**What the task asks**
Task for the records below: copy exactly, and only, the line containing "Man sitting on" and every line after it to the end, with pictures left out.

**Source material**

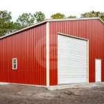 The featured 30’W x 40’L x 12’H building is an all-vertical, fully-enclosed garage. It includes one 10’x10’ garage door, one 9’x8’ garage door, one 36×80 walk-in door, and our Deluxe two-tone (wainscot) option. This particular building is utilized for storing tools and pieces of equipment. If you need assistance designing or choosing which structure best suits your needs, give one of our specialists a call today. Keep in mind, that we do not provide groundwork preparation or concrete services. Your site must also be level in order for us to install your unit.
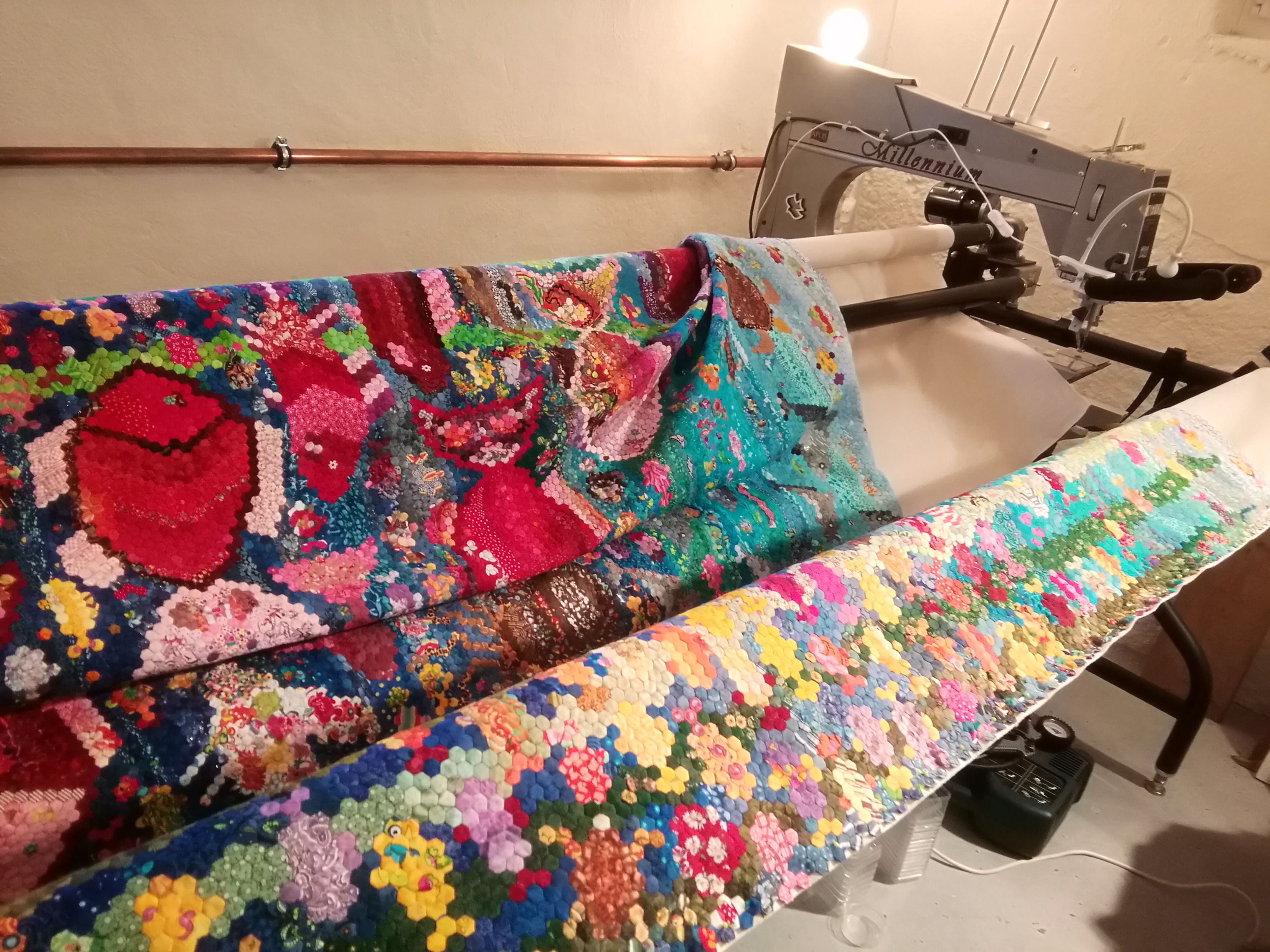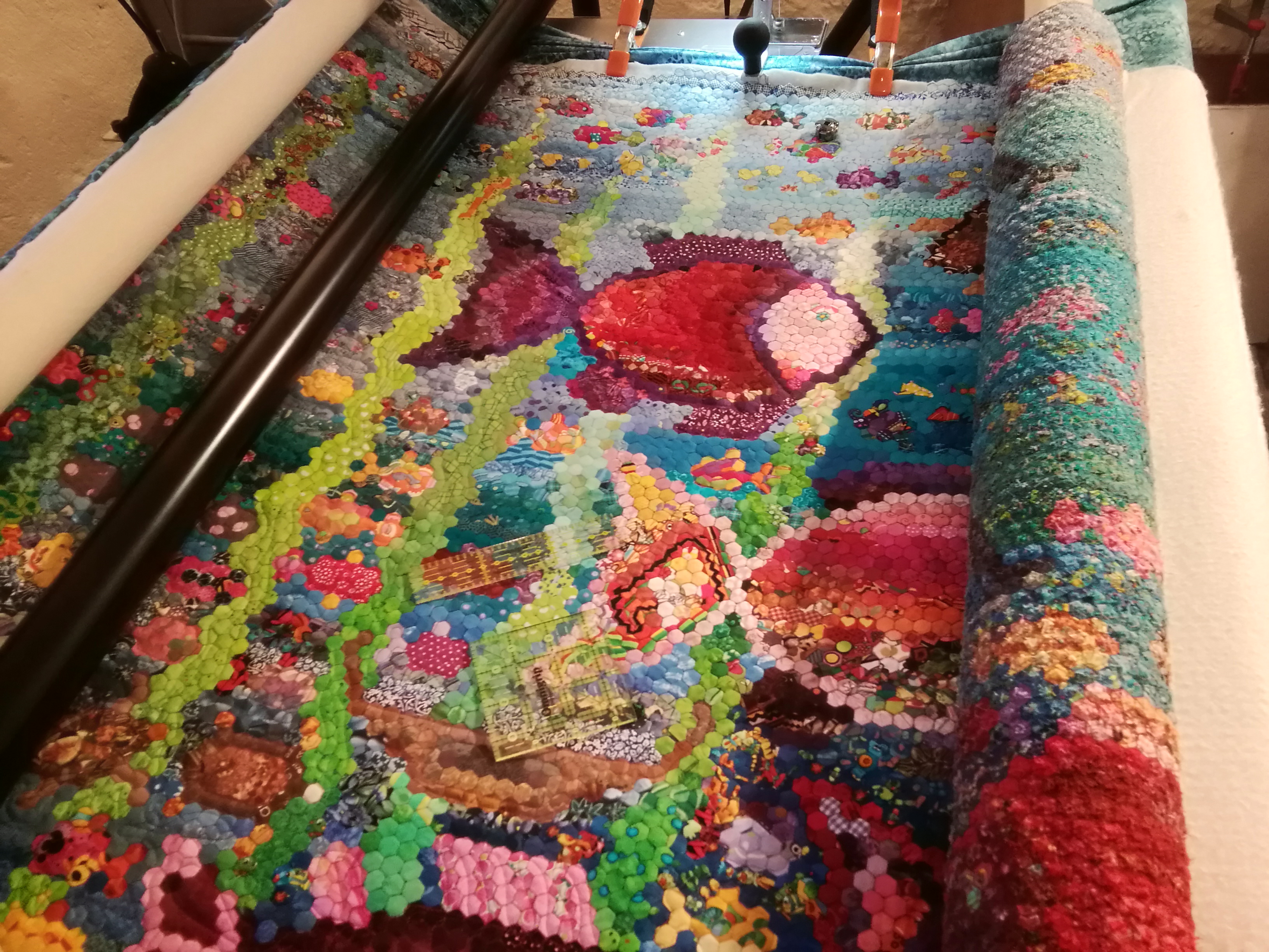Trotz oder wegen ständigem Farbwechsel und stop and go habe ich 17,5 Stunden gequiltet.
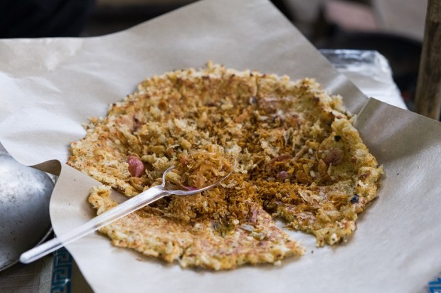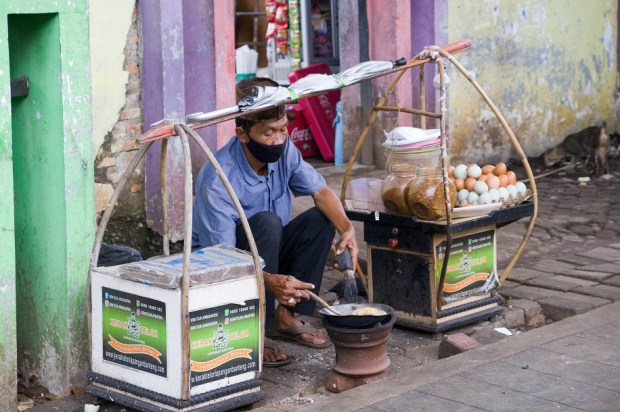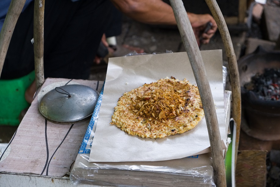 Kerak telor vendors have a unique method for making sure both sides are done properly: turning the cooking pot upside down. Since it isn’t lubricated with oil, the starchy coconut omelet holds fast to the hot steel. Faisol fanned the flames and allowed them to lick the upper side, leaving tiny char marks as it gradually turned golden brown. Eventually the kerak telor was flipped back over for a final bit of cooking and separated from the wok with a metal spatula. Faisol piled on generous toppings of darker, more heavily spiced serundeng and fried shallot, before allowing the finished product to rest on a sheet of food-grade paper. “This [kerak telor] is the best,” Faisol said cheerfully. Though I couldn’t see it, I could tell he was grinning beneath his mask.
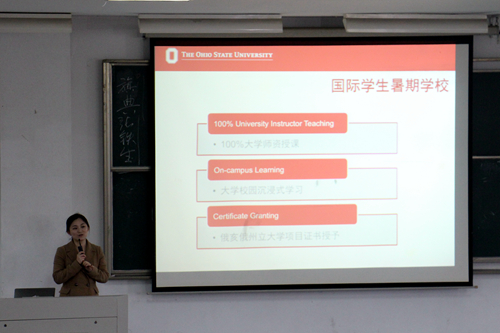 3月2日下午一点半,俄亥俄州立大学暑期出国交流学习项目宣讲会在文综楼1001#1101教室准时举行。出席此次活动的嘉宾有俄亥俄州立大学驻上海办事处主任由超老师,主任助理彭老师,文学院党委副书记、副院长张健老师,文学院学工办主任纪金平老师以及唐文治书院综合秘书胡月华老师。
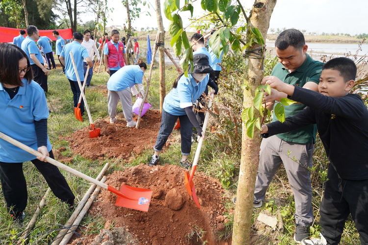 為了貫徹落實黨的二十大關(guān)于“推動綠色發(fā)展,促進人與自然和諧共生”的要求,共建優(yōu)美和諧海南,提升黨員的愛綠護綠意識,加強基層黨支部聯(lián)創(chuàng)共建,海南萬泰公司黨支部積極響應(yīng)上級黨委的號召,2023年3月12日,參加了由省住建廳機關(guān)黨委、行業(yè)黨委在江東新區(qū)邁雅河濕地公園組織開展的“植樹添綠,黨旗增輝”支部共建義務(wù)植樹活動,省廳相關(guān)處室和工會黨支部、省建設(shè)信息協(xié)會黨支部及相關(guān)企業(yè)支部約60余人參加了本次活動。
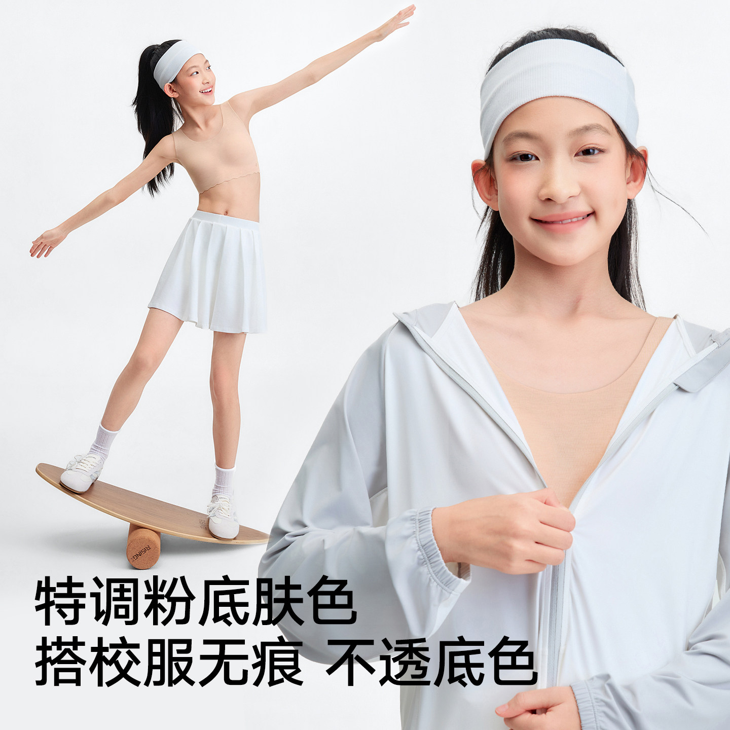 松山棉店二阶段蚕柔少女文胸弹力无痕粉底肤色不透色儿童发育内衣
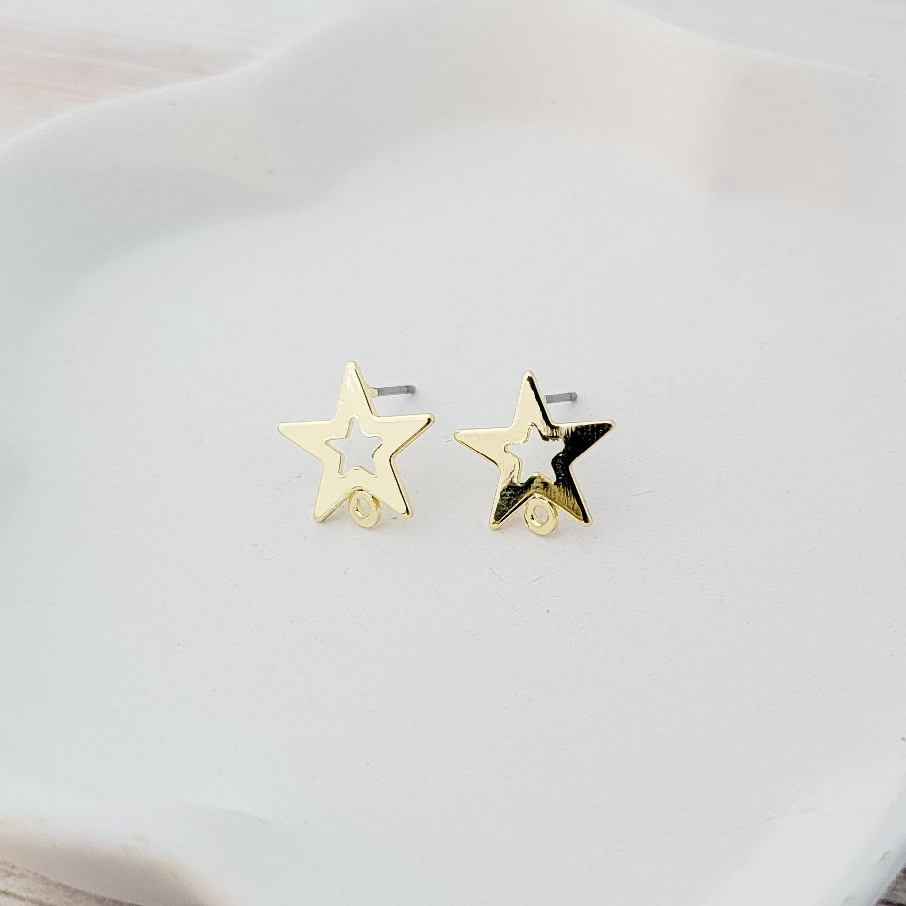 Gold Open Star Stud Earring Findings, 10 Pieces
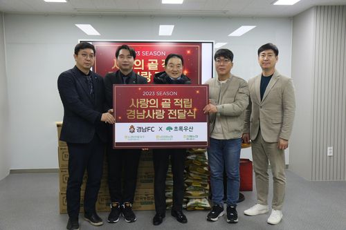 (서울=연합뉴스) 이영호 기자 = 프로축구 K리그2 경남FC가 19일 초록우산 경남지역본부에서 남창원농협·진해농협·농협식품과 함께 '2023시즌 사랑의 골 적립 경남사랑 전달식'을 진행했다.
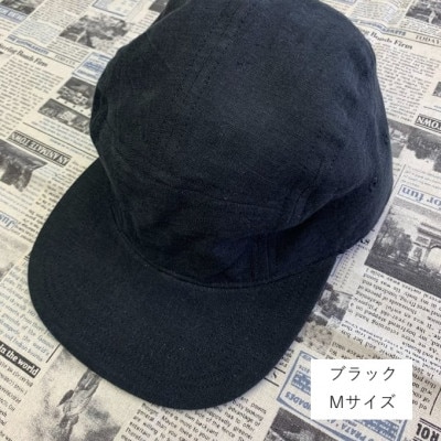 麻素材 ジェットキャップ(ブラック ベルギーリネン・麻 サイズL)
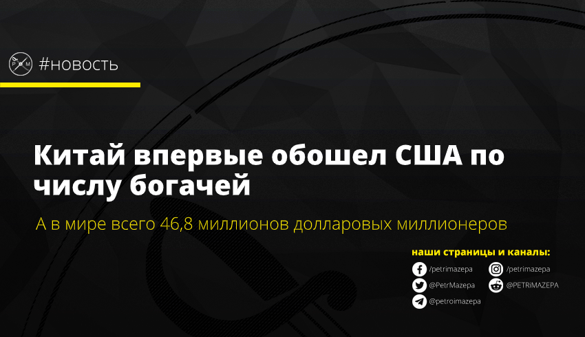 Среди 10% самых богатых жителей мира впервые оказалось больше жителей Китая, чем США. Однако по числу миллионеров американцы все еще лидируют.
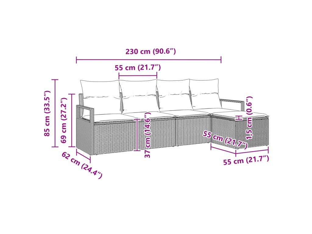 Tato venkovní pohovková souprava přináší moderní eleganci s čistými liniemi a praktickým designem. Vytvořená pro zahrady a terasy spojuje styl s komfortem polyratanových polštářů.
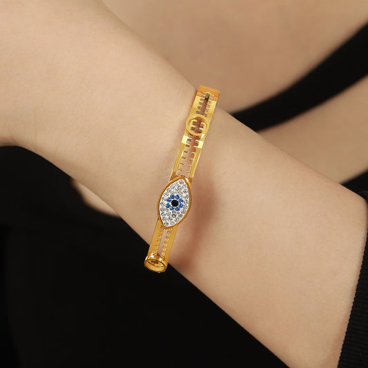 B廠【Z332】歐美個性誇張鑲鑽惡魔之眼手鐲女設計鋸齒鏤空不掉色金色手鐲飾品 24.03-1
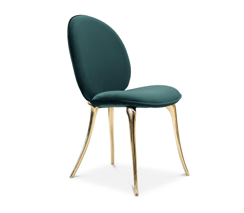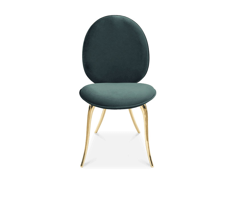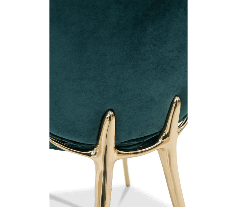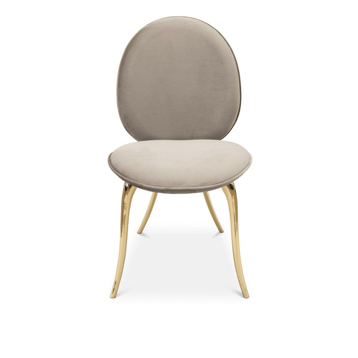 Soleil modern chair is a synthesis of styles and senses. Inspired by the spirit and mission of the famous Cirque du Soleil, the purpose is to invoke, provoke and evoke. Made with solid cast brass with velvet fabric.
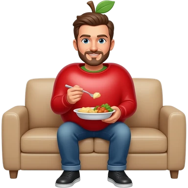 Man sitting on sofa with meal on his hands with an apple style person emoji
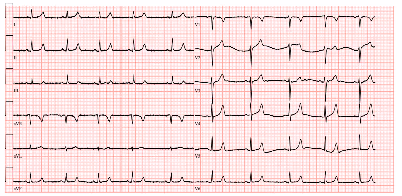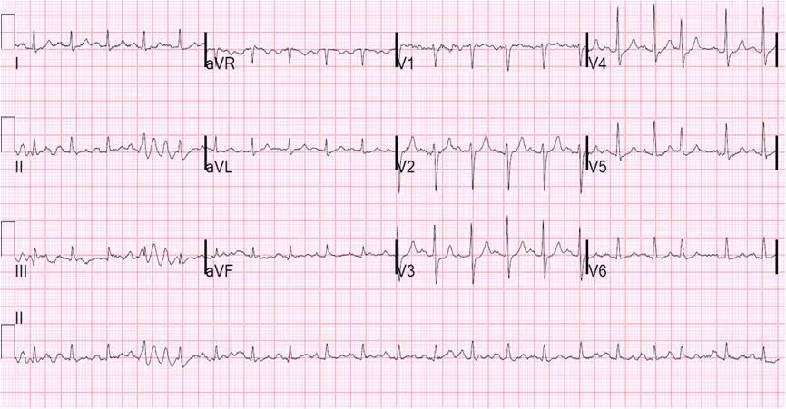 EKG 2B: Stejný pacient po vyřešení hyperkalémie

**Answer space**
 Man sitting on sofa with meal on his hands with an apple style person emoji
 EKG 2B: Stejný pacient po vyřešení hyperkalémie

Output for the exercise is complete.